Sen. Jeff Bingaman, D-N.M., said Tuesday he is working to fix the mistake.
President Bush recently signed the Combat Methamphetamine Epidemic Act of 2005 into law, but tribes and pueblos were unintentionally left out as eligible applicants under two Department of Justice initiatives the new law created: the COPS Hot Spots program and the Drug-Endangered Children program.
Bingaman said his bill, co-sponsored by Sen. Gordon Smith, R-Ore., and introduced Tuesday, would simply add Native American governments to the list of eligible grant recipients.
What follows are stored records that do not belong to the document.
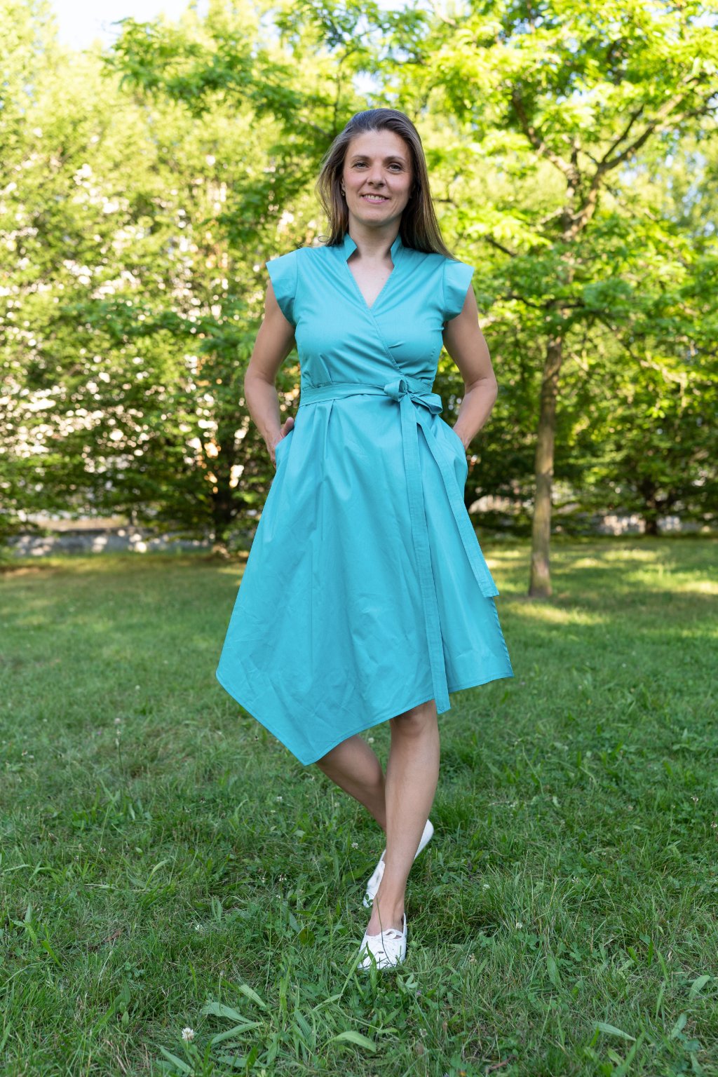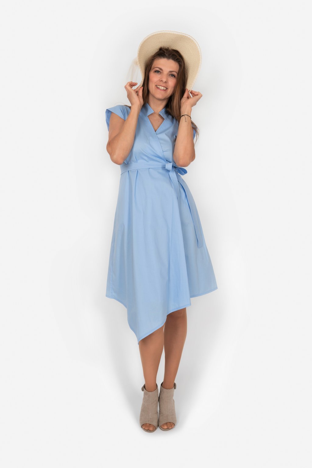 Letní šaty ze směsi bavlny a elastanu jejichž originální střih podtrhne ženskost každé postavy. Šaty mají malý stojací límeček a výstřih do tvaru V. Přední díl je střižen do cípu a je delší než zadní díl. Největší předností těchto šatů je, že to jsou zavinovačky, které si můžete "utáhnout" podle vlastní potřeby. A i když působí elegantně, nechybí jim kapsy na drobnosti.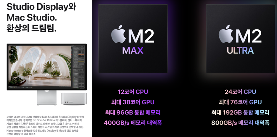 기본적으로 맥 스튜디오는 고사양으로 특화된 컴퓨터로써 고사양 영상, 음악, 그래픽의 높은 수준의 데이터 처리에 알맞은 데스크탑 컴퓨터이다. (아직 M3 맥 스튜디오는 나오지 않았다.) 그러기에 M2맥스부터 울트라까지 라인업이 되어있다. 고사양 작업답게 성능과 확장포트가 넉넉히 준비되어 있다. 물론 모니터, 키보드는 없이 오직 본체만이므로 이부분은 기존 가지고 있는 거나 혹은 새로 옵션을 통해 구매해야 한다.모니터는 애플제품의 5K 200만 원대만원대 (스튜디오 디스플레이) 제품은 아래를 참고하자.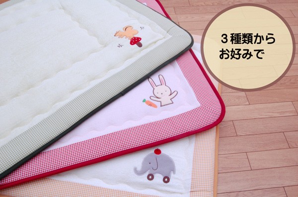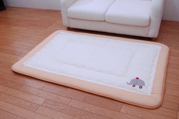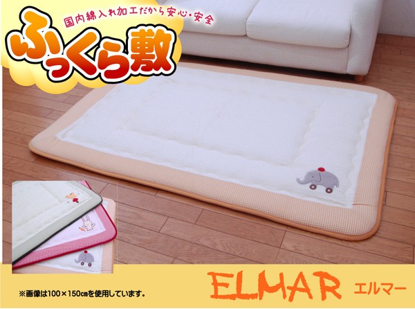 【商品名】国産(日本製)固綿40mm使用 タオル地 ふっくら敷 『エルマーF敷』 100×150cm(ゾウ刺繍入り)
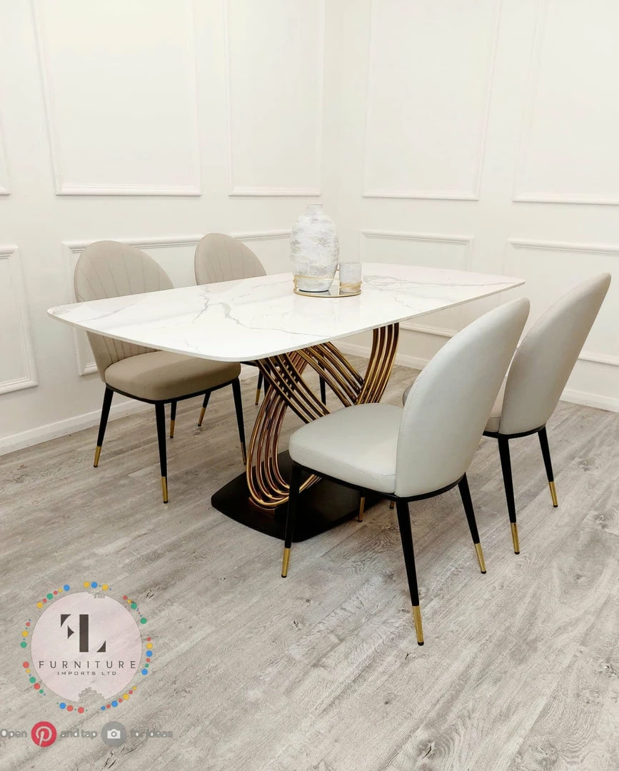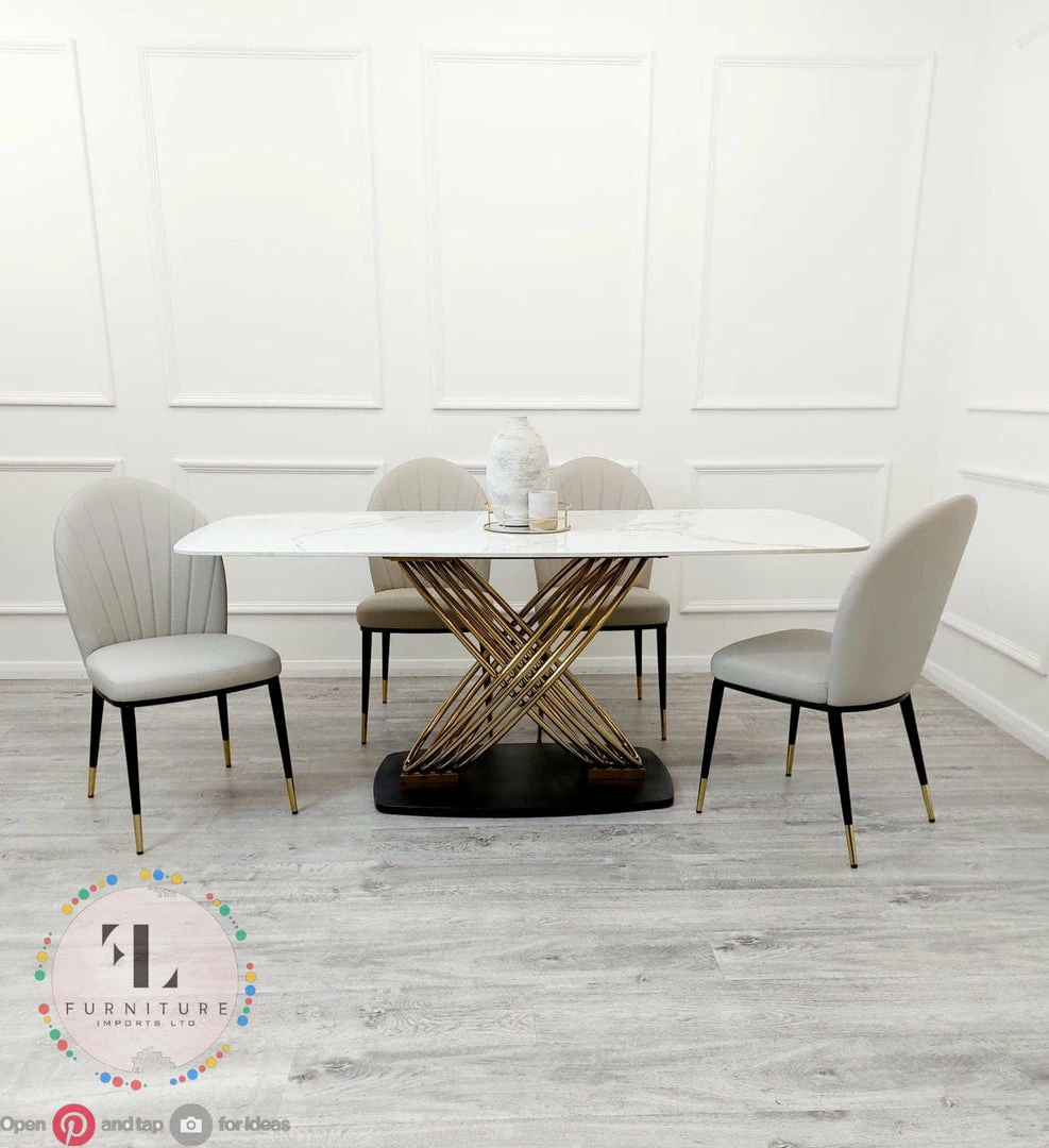 The new 2022 design Orion Dining Table with a contemporary design and temperament, the Sintered Stone Top gold dining table is an exquisite piece of furniture. This dining table has a distinct manufactured look and feels that is undeniable. Its stunning design has it all, and it’s very contemporary. Focused attention and a powerful statement of excellence is a presentation of this table

Most of the other recipients are state governments, according to Bingaman's office.
"We must correct the law to ensure that Indian Country has access to all the tools needed to fight this terrible problem," Bingaman said.
Joe Garcia, president of the National Congress of American Indians and governor of Ohkay Owingeh Pueblo in northern New Mexico, said in February that meth addiction is "killing our people and devastating our communities." The Indian Health Service estimates that 30 percent of Indian youth have experimented with the drug, Garcia said.
If adopted, Bingaman's legislation would allow Native American communities to apply for $99 million in funding for the COPS Hot Spots Grant Program, which helps local law enforcement agencies fight the production, distribution, and use of meth. The money also can be used to clean up toxic meth labs.
The Bingaman bill also would make Native American communities eligible for part of a $20 million Drug-Endangered Children Grant Program that helps pay for services for children who live in a home where meth has been used, manufactured, or sold.